Ubiquity Lab

Is customer centricity a dirty word, or your marketing super power?

We delve into the earth-shattering idea of actually listening to your customers. We jest, but in actual fact we mean truly listening, and it may just be your competitive advantage.

You’ve got to love jargon. And there’s been some mainstays for a few years now in the business world. Digital transformation anyone? Or how about corporate synergy, net-new, or move the needle?


Personally, my guilty pleasure is ‘utility’ – although it’s a cracker of a word, and I’ll continue to trot this out.


However, ‘customer centricity’ is the phrase that’s really starting to irk me – and not because I disagree with the sentiment of it, or its importance. But because it’s so flipping obvious.

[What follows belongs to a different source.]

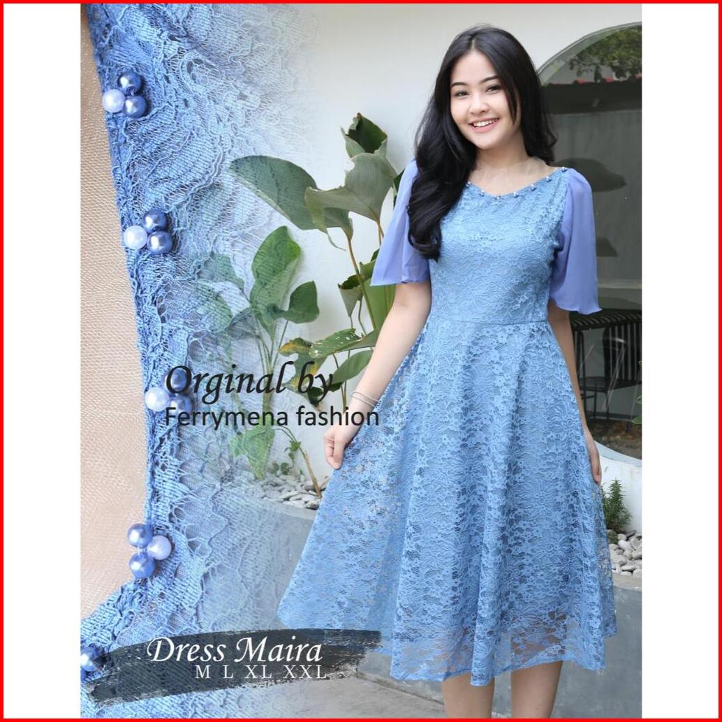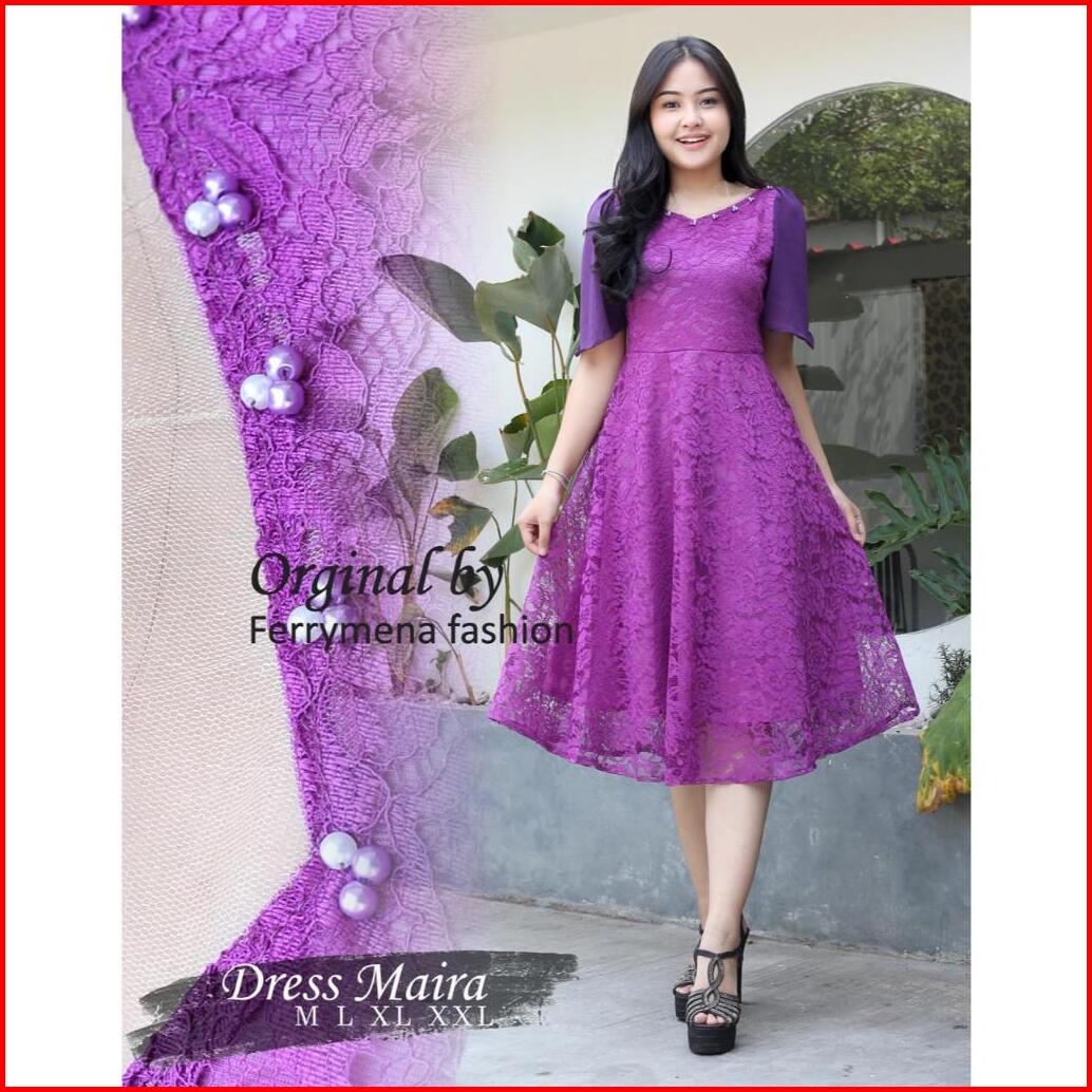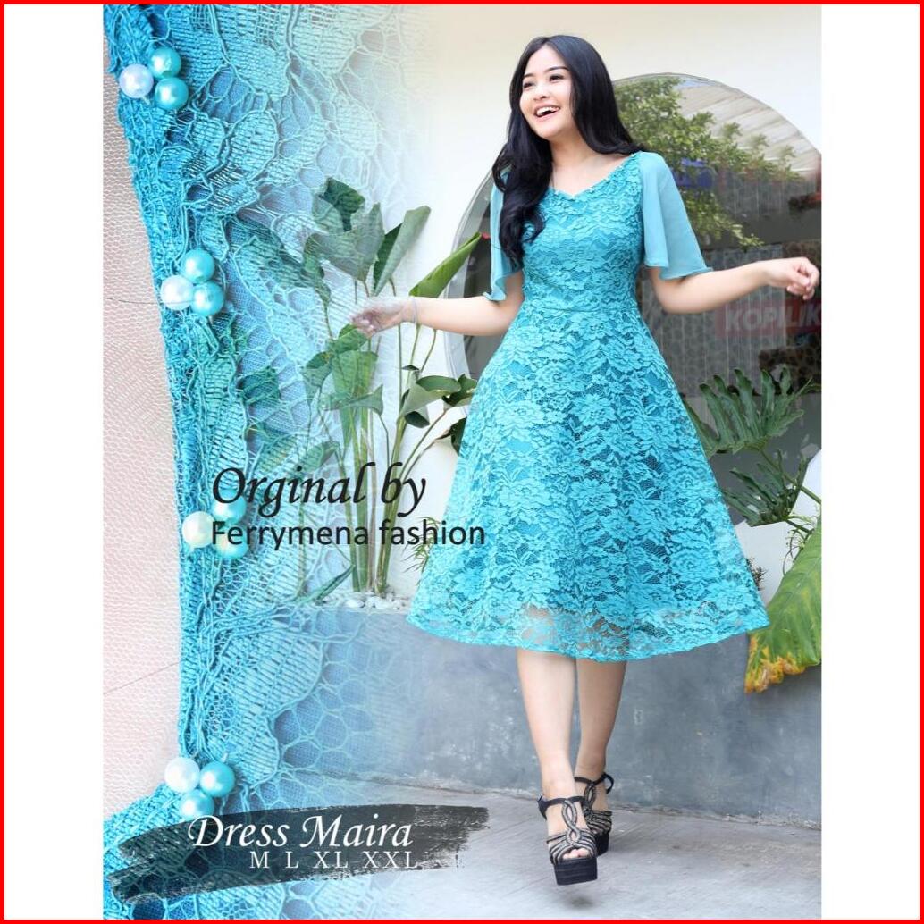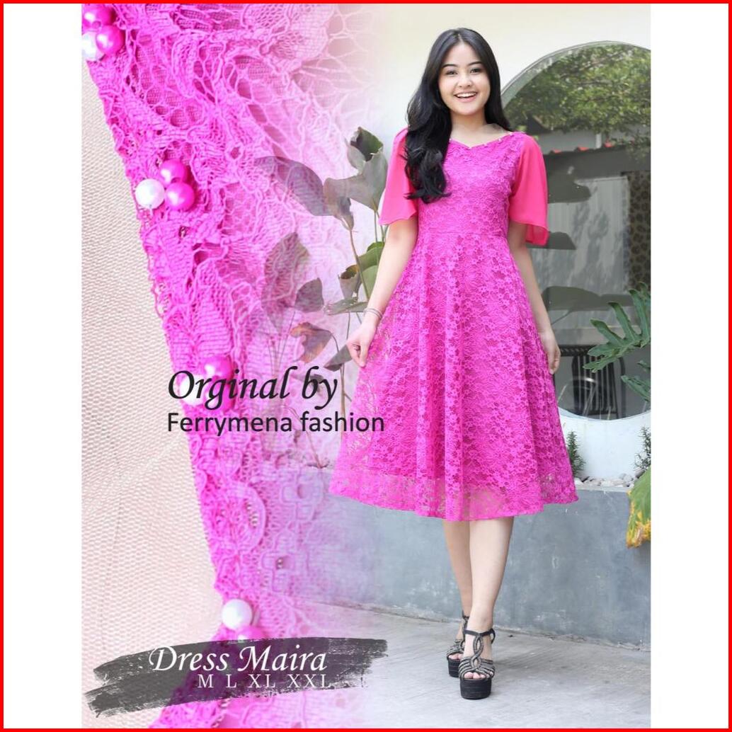 Dres Brukat Maira Kekinian - Dress Wanita Korean Style - Dres Brukat Natal Dan Pesta Tahun Baru 2024

It’s a no-brainer and should be at the forefront of thinking and business decision making.


One of the better definitions of customer centricity comes from Harvard Business School’s Ranjay Gulati:

red heart painted on a blue wall
The catalyst for brand love is ensuring customers are at your core.
“Becoming customer-centric means looking at an enterprise from the outside-in rather than the inside-out — that is, through the lens of the customer rather than the producer. It’s about understanding what problems customers face in their lives and then providing mutually advantageous solutions,” Gulati said.

I wholeheartedly agree with this, but it’s also why I’m starting to roll my eyes when I hear it bandied around with corporate oblivion.


To be honest, I‘d suggest that customer centricity is still far more aspirational than tangible.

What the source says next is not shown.